● **Task instructions**
Return a faithful copy of all the entries, omitting the images.

(Data in this exercise Opens)

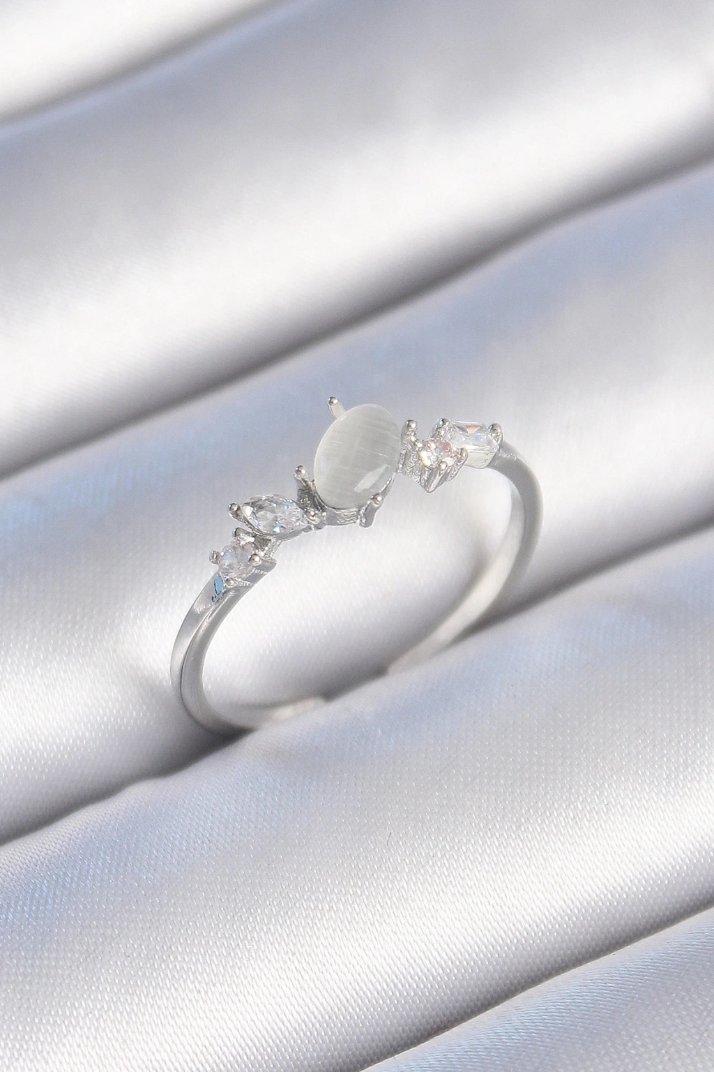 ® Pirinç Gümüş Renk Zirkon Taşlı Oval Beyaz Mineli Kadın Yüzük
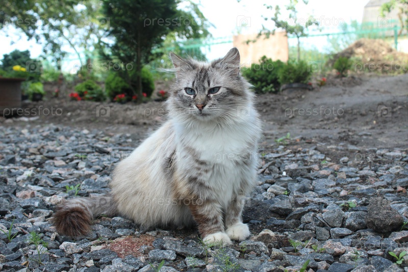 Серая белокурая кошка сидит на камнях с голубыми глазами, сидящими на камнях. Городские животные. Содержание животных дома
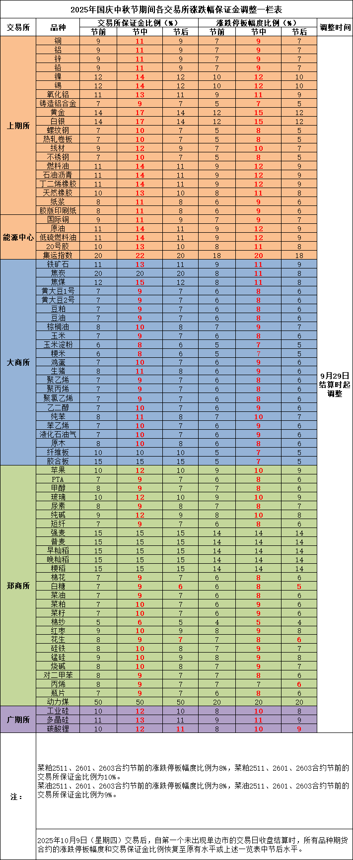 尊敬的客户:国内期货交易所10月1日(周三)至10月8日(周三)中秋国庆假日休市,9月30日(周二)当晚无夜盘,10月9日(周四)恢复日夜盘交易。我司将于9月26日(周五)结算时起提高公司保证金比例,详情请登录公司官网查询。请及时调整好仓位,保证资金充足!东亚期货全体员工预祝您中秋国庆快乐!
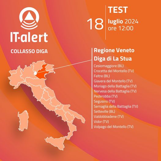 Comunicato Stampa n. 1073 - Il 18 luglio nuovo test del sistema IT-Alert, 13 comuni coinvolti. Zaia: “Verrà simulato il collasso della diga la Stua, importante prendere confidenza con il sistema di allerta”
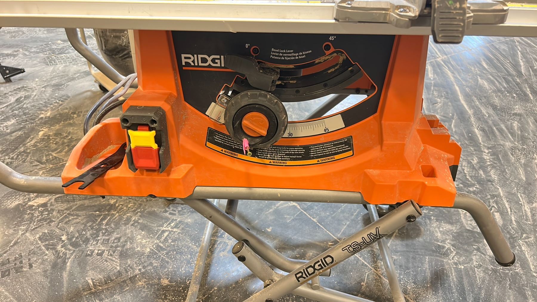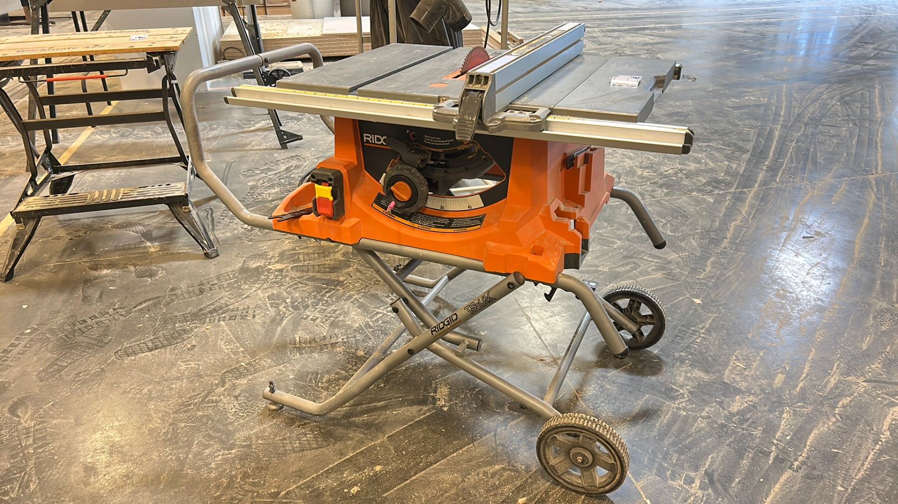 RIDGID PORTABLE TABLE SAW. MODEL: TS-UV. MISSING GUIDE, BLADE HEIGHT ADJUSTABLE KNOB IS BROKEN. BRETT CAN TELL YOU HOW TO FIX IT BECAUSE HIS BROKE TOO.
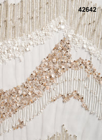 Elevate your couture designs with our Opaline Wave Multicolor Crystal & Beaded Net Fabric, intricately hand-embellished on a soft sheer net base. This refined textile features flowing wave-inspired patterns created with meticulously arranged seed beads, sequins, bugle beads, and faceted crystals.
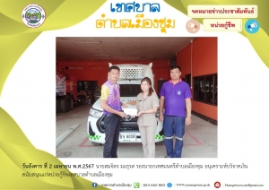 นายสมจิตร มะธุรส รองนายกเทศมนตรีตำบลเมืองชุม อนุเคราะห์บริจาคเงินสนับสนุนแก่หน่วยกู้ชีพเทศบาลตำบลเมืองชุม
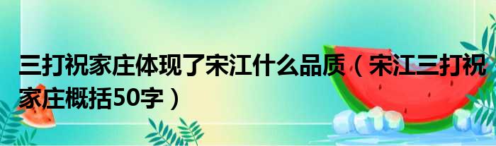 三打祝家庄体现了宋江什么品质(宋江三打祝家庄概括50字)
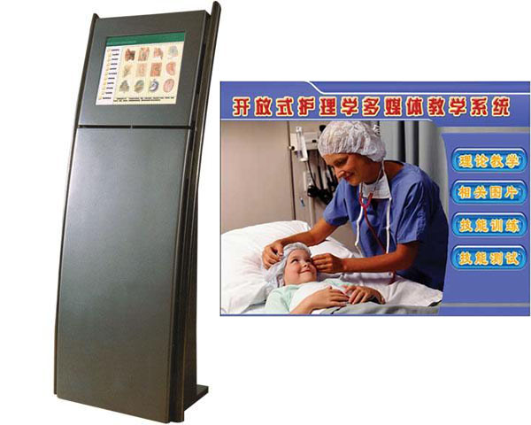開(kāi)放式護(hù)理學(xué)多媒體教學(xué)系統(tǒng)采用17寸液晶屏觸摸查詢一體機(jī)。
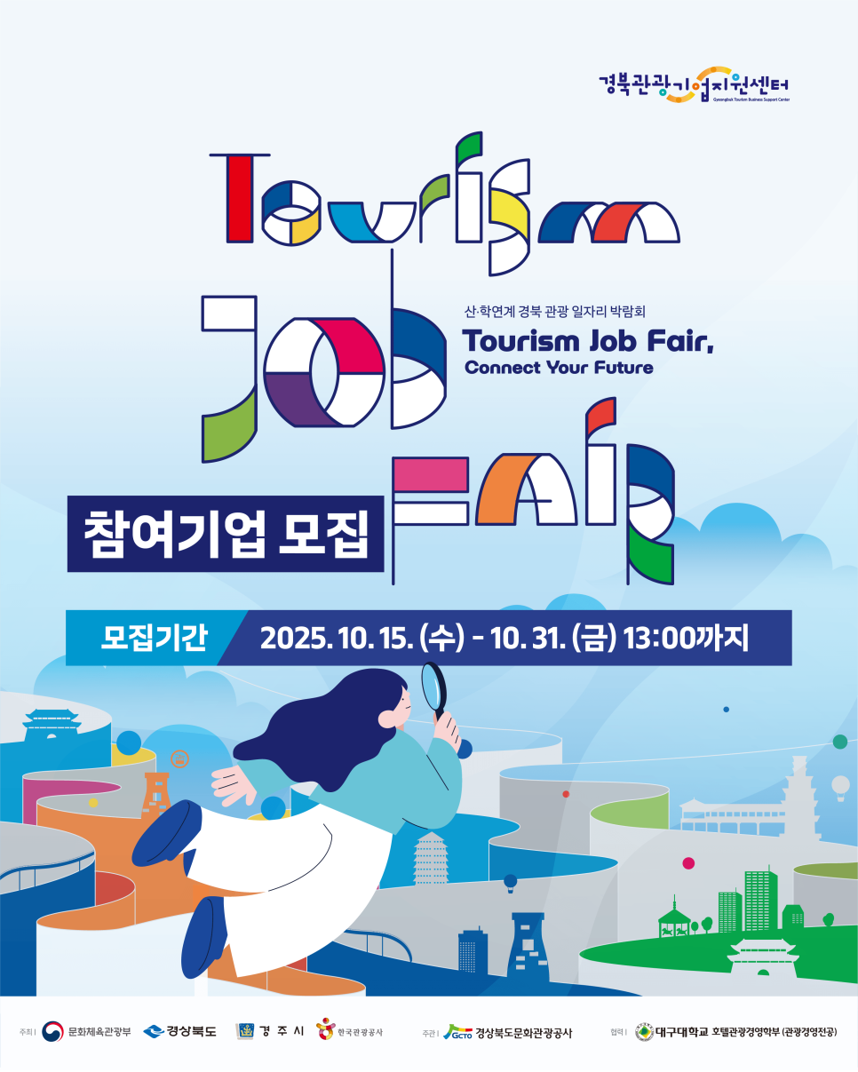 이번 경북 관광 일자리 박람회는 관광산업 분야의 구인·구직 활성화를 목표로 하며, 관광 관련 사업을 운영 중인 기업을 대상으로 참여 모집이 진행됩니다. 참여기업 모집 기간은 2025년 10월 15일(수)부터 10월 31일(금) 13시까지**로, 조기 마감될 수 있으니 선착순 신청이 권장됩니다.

(Data in this exercise Closes)

● **Your response**
 ® Pirinç Gümüş Renk Zirkon Taşlı Oval Beyaz Mineli Kadın Yüzük
 Серая белокурая кошка сидит на камнях с голубыми глазами, сидящими на камнях. Городские животные. Содержание животных дома
 尊敬的客户:国内期货交易所10月1日(周三)至10月8日(周三)中秋国庆假日休市,9月30日(周二)当晚无夜盘,10月9日(周四)恢复日夜盘交易。我司将于9月26日(周五)结算时起提高公司保证金比例,详情请登录公司官网查询。请及时调整好仓位,保证资金充足!东亚期货全体员工预祝您中秋国庆快乐!
 Comunicato Stampa n. 1073 - Il 18 luglio nuovo test del sistema IT-Alert, 13 comuni coinvolti. Zaia: “Verrà simulato il collasso della diga la Stua, importante prendere confidenza con il sistema di allerta”
 RIDGID PORTABLE TABLE SAW. MODEL: TS-UV. MISSING GUIDE, BLADE HEIGHT ADJUSTABLE KNOB IS BROKEN. BRETT CAN TELL YOU HOW TO FIX IT BECAUSE HIS BROKE TOO.
 Elevate your couture designs with our Opaline Wave Multicolor Crystal & Beaded Net Fabric, intricately hand-embellished on a soft sheer net base. This refined textile features flowing wave-inspired patterns created with meticulously arranged seed beads, sequins, bugle beads, and faceted crystals.
 นายสมจิตร มะธุรส รองนายกเทศมนตรีตำบลเมืองชุม อนุเคราะห์บริจาคเงินสนับสนุนแก่หน่วยกู้ชีพเทศบาลตำบลเมืองชุม
 三打祝家庄体现了宋江什么品质(宋江三打祝家庄概括50字)
開(kāi)放式護(hù)理學(xué)多媒體教學(xué)系統(tǒng)采用17寸液晶屏觸摸查詢一體機(jī)。
 이번 경북 관광 일자리 박람회는 관광산업 분야의 구인·구직 활성화를 목표로 하며, 관광 관련 사업을 운영 중인 기업을 대상으로 참여 모집이 진행됩니다. 참여기업 모집 기간은 2025년 10월 15일(수)부터 10월 31일(금) 13시까지**로, 조기 마감될 수 있으니 선착순 신청이 권장됩니다.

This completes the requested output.